[DATA TO EXAMINE Boundary: Start]

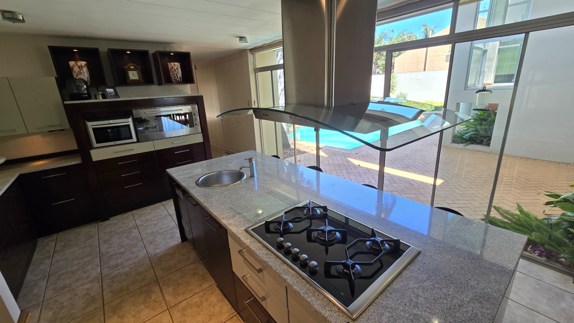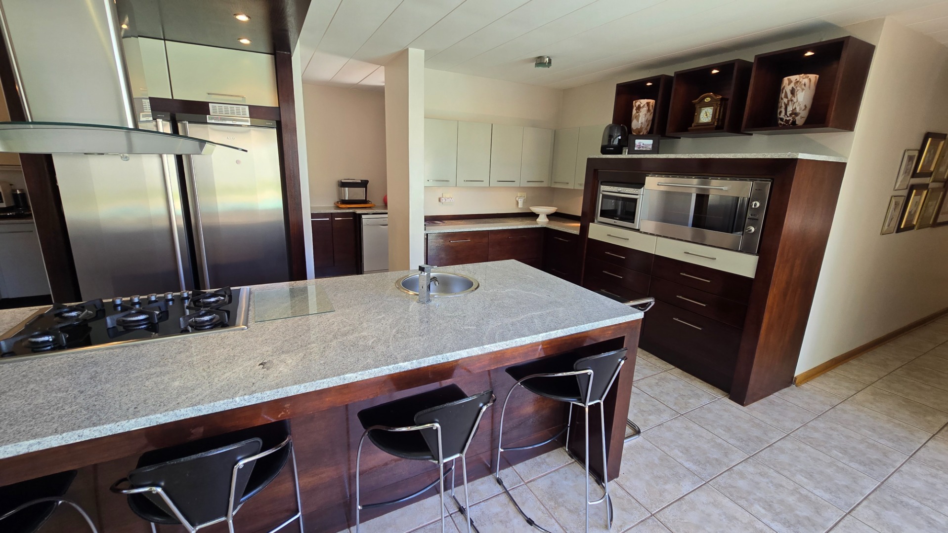 Discover this modern, multi-story residence in Heuwelsig, Bloemfontein, offering an expansive 571 sqm of living space on a generous 1670 sqm erf. The home features an inviting entrance hall, two spacious lounges, and a dedicated dining area, all designed with an open-plan flow. The contemporary kitchen is a highlight, boasting a large island with an integrated gas hob, sleek stainless steel appliances, ample two-tone cabinetry, and a convenient pantry.
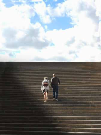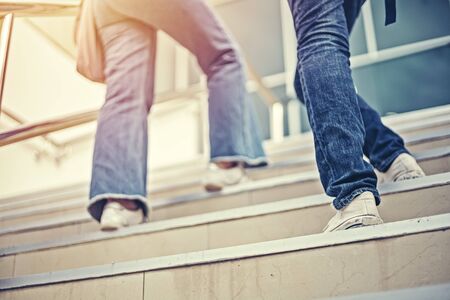 Walking up the stairs to lose weight, Walking up to goal, with vintage filter
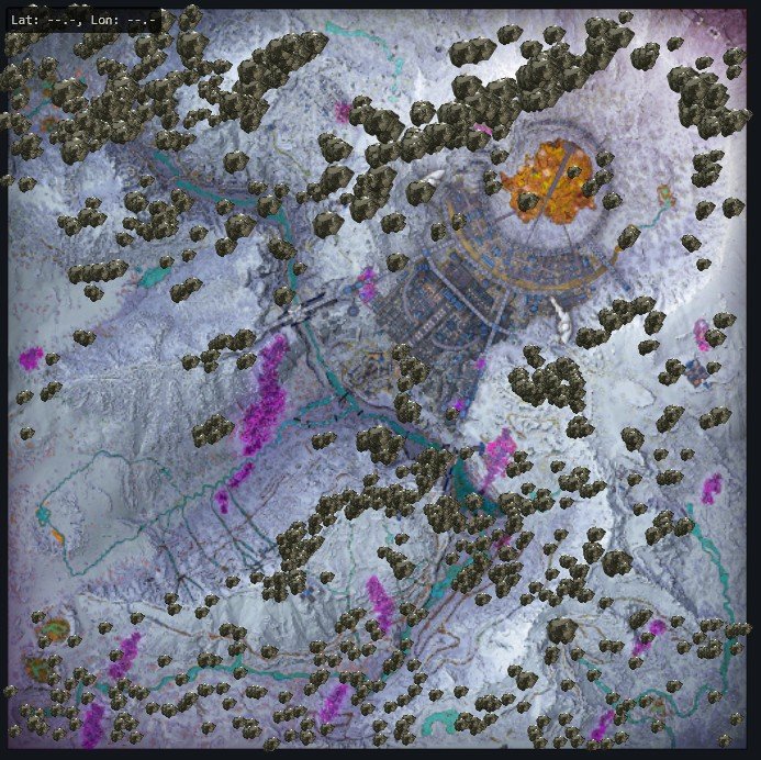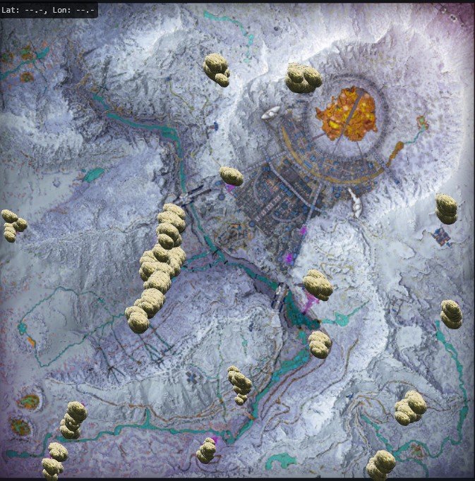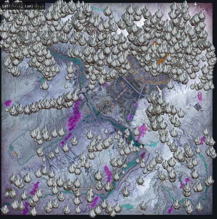 For this guide, we are using the map created by Wikkily.gg, which created a custom map showcasing all resource spawn locations and dinosaur spawn locations.
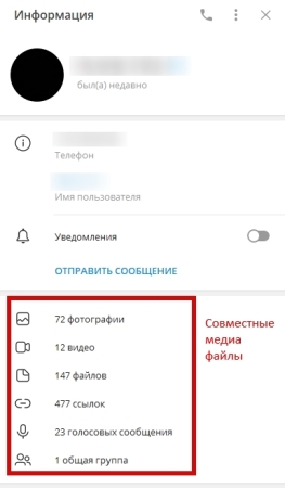 В окне «Информация о канале» есть перечень всех загруженных фото, видео и аудиофайлов, которые хранятся в совместном облаке.
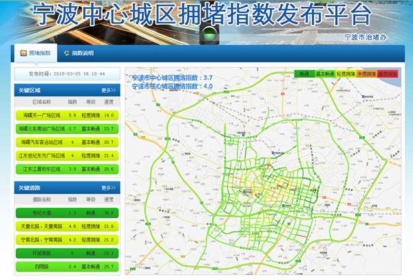 哪些區(qū)域堵車,哪條路堵車,堵車多嚴重……從4月1日開始,你可以通過查詢寧波交通擁堵狀況,合理規(guī)劃自己的出行。本次發(fā)布范圍包括市三區(qū)和鄞州中心區(qū)的主要道路、繞城高速和杭甬高速部分路段。目前已界定道路網(wǎng)絡主要包括9條城市快速路段,88條城市主干路段和583條城市次干路段,以及其它道路路段。每5分鐘數(shù)據(jù)更新一次。
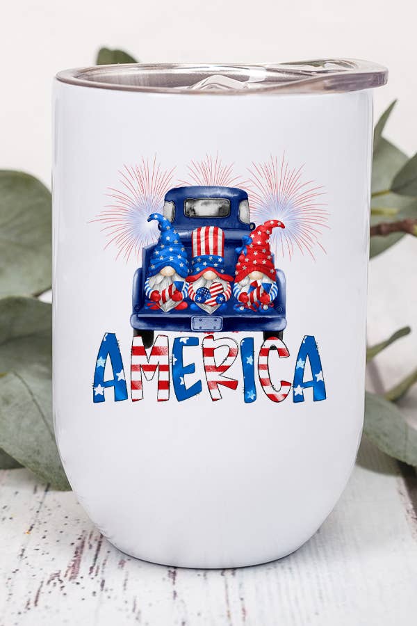 Introducing the Patriotic Blue Truck Gnomes America Wine Cup Tumbler, a delightful addition to your drinkware collection that embodies the spirit of freedom and celebration. This 12 oz stainless steel wine tumbler is perfect for enjoying your favorite beverages while showcasing your love for America. Whether you're sipping wine, iced tea, or any refreshing drink, this tumbler is designed to keep your drinks at the perfect temperature.
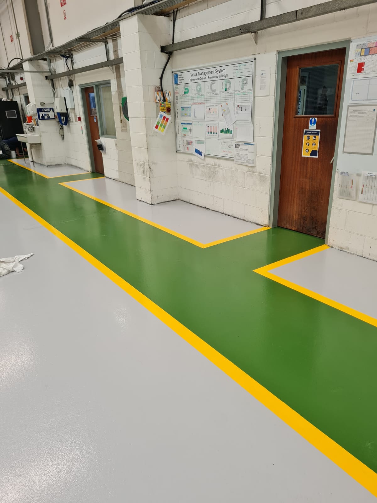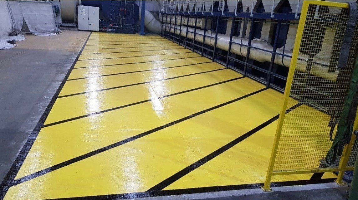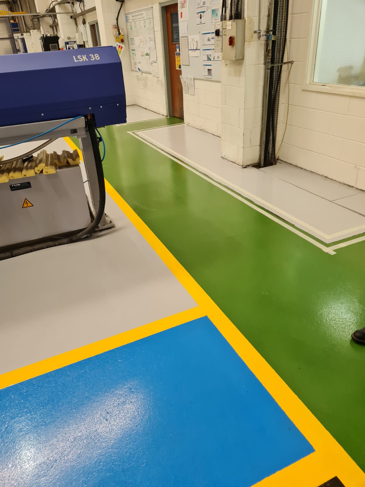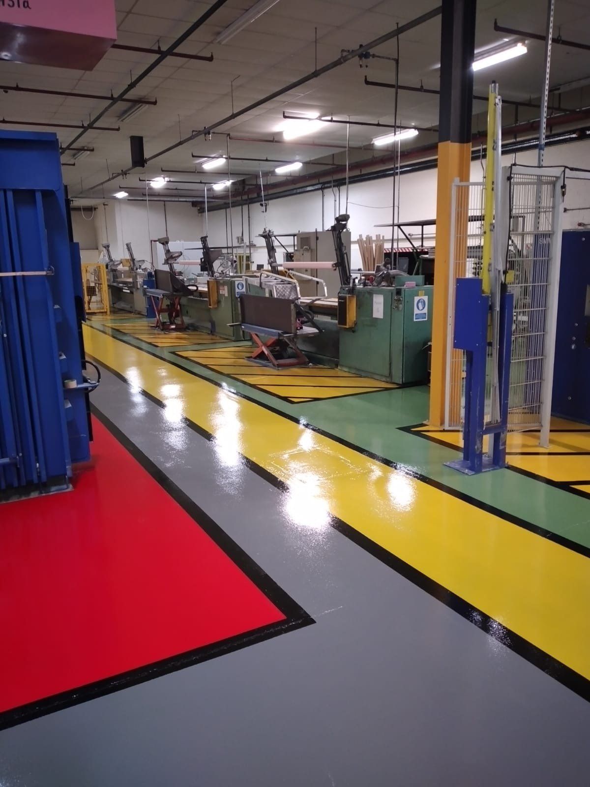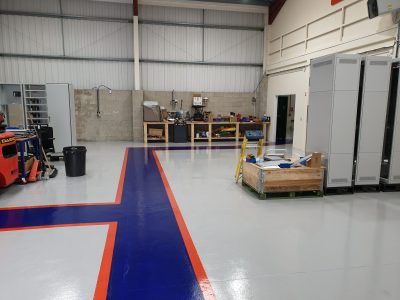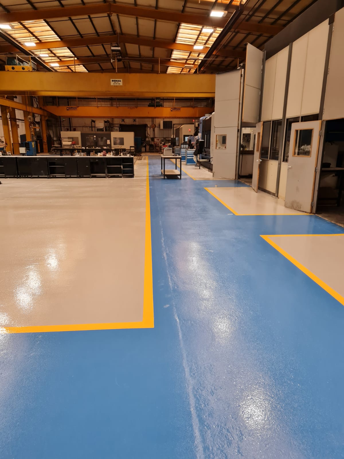 Our epoxy floor paint used in various colours for demarcation.
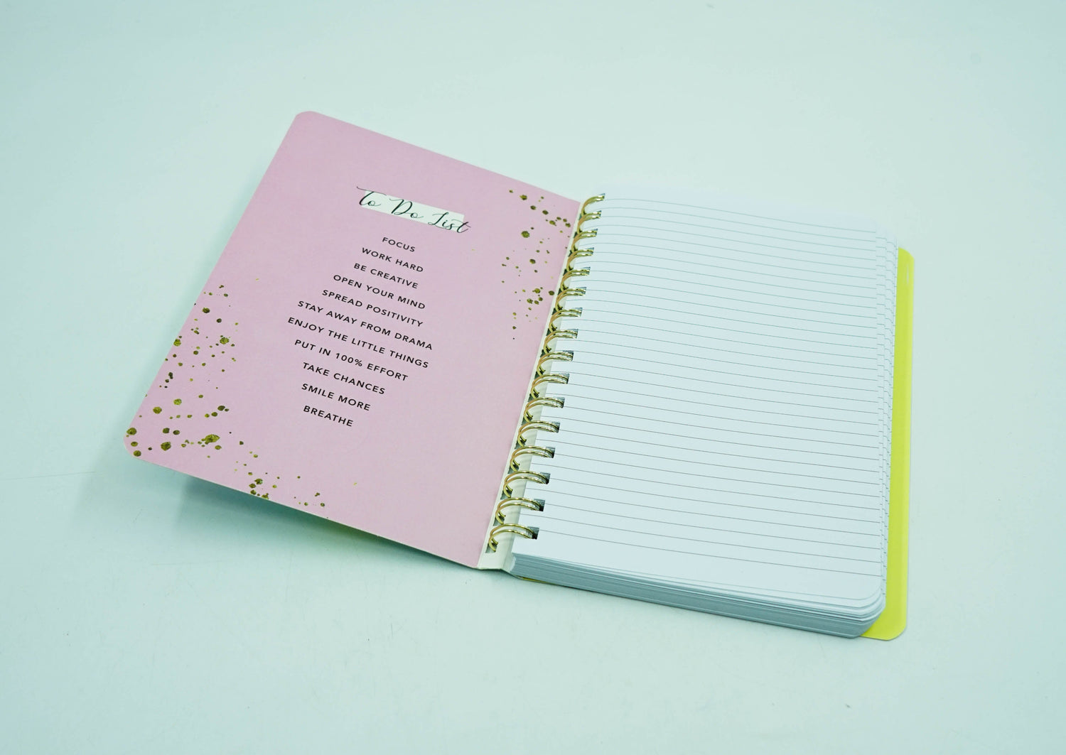 This gorgeous inspiring Journal features an enclosed spiral design, making it so easy to take notes on the go. Take it to meetings or keep on your desk for everyday notes and ideas. Jot down your important notes, dreams, ideas and thoughts anywhere you need with this journal. - Measures 210mm H X 143mm L - 100 ruled pages and 100 blank pages in 80gsm simile paper - Featuring spot UV lettering on cover

[DATA TO EXAMINE Boundary: End]

Only one stretch of the listing above is to be duplicated: the lines from the one containing "Walking up the" through the one containing "в совместном облаке.", both included. Copy them exactly, minus the pictures.

* RESPONSE TO THE EXERCISE
 Walking up the stairs to lose weight, Walking up to goal, with vintage filter
 For this guide, we are using the map created by Wikkily.gg, which created a custom map showcasing all resource spawn locations and dinosaur spawn locations.
 В окне «Информация о канале» есть перечень всех загруженных фото, видео и аудиофайлов, которые хранятся в совместном облаке.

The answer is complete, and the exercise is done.